Guaranteed Stock is a stock in a company for which another company or bank promises to pay dividends in case the issuing company defaults. It is a stock on which interest is guaranteed either by the government or any authority other than the issuing authority. This stock the dividends on which are guaranteed by a corporation other than the issuing corporation. It is a type of preferred stock that is issued by a corporation and whose dividends are guaranteed by one or more other corporations or banks. It has two meanings, one applied to dividends and one applied to inventory. Guaranteed stock issues, like guaranteed bonds, have most often used by railroads and public utilities. The guaranteed dividend can increase the stock’s price.
Guaranteed Share is a share of stock in a company for which another company or bank promises to pay dividends in case the issuing company defaults. It is a rarely used form of preferred stock, where a party other than the original company guarantees dividends will be paid. This is the stock for which dividends are guaranteed by a company other than the one issuing the stock. The second meaning for guaranteed stock correlates to a company’s physical inventory. In this use of the term, guaranteed stock refers to commonly purchased items that a company always keeps a supply of for customers to purchase. However, the financial and credit history of the guarantor corporation plays an important role in deciding the final market price of a guaranteed stock.
If you’re talking to an investor, guaranteed stock refers to stock that guarantees its holders dividends.
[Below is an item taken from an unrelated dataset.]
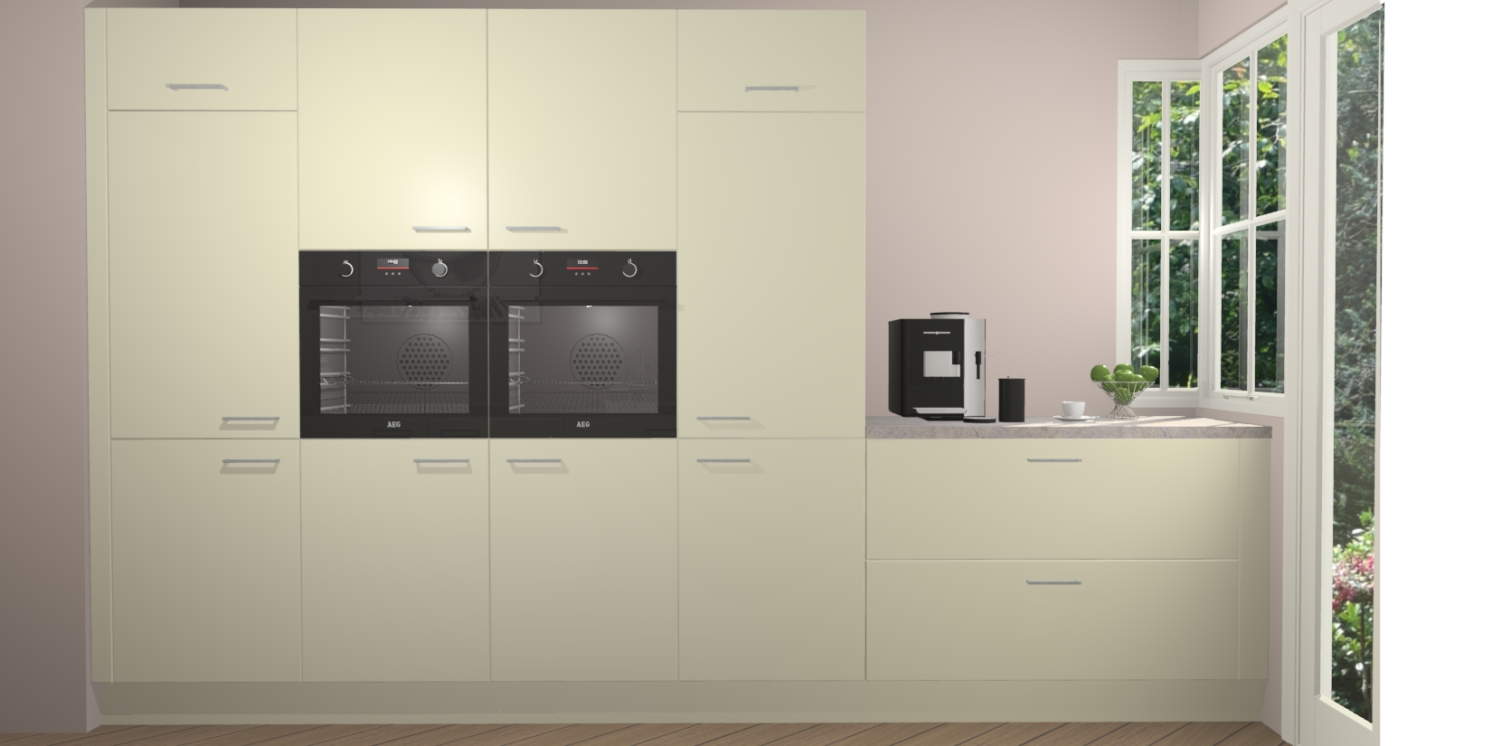 Een stijlvolle en praktische keuken als deze mag gezien worden. Dankzij de prachtige magnolia matte afwerking wordt de keuken gemakkelijk het middelpunt van uw huis - hij ziet er geweldig uit onder allerlei lichtomstandigheden, van dag tot nacht!

Guaranteed investment income is sold by insurance companies as an investment vehicle. Guaranteed investment funds promise that all or part of the invested capital will be secure at a specific, designated time. If you’re talking to a business owner (one who sells physical goods), then guaranteed stock might be referring to their inventory of goods that is always on-hand. Without guaranteed stock, online businesses like Amazon would grind to a halt.
The guaranteed stock arrangement has frequently been used by railroads. These are most commonly issued by railroad corporations and public utility companies, and usually command a higher market price than non-guaranteed stocks due to the lower levels of risk involved. Though not technically fixed-income investments, high dividend stocks can be considered safe and offer an almost guaranteed rate of return. Some guaranteed investment income funds also allow people to reset the guaranteed amount during specific periods of time.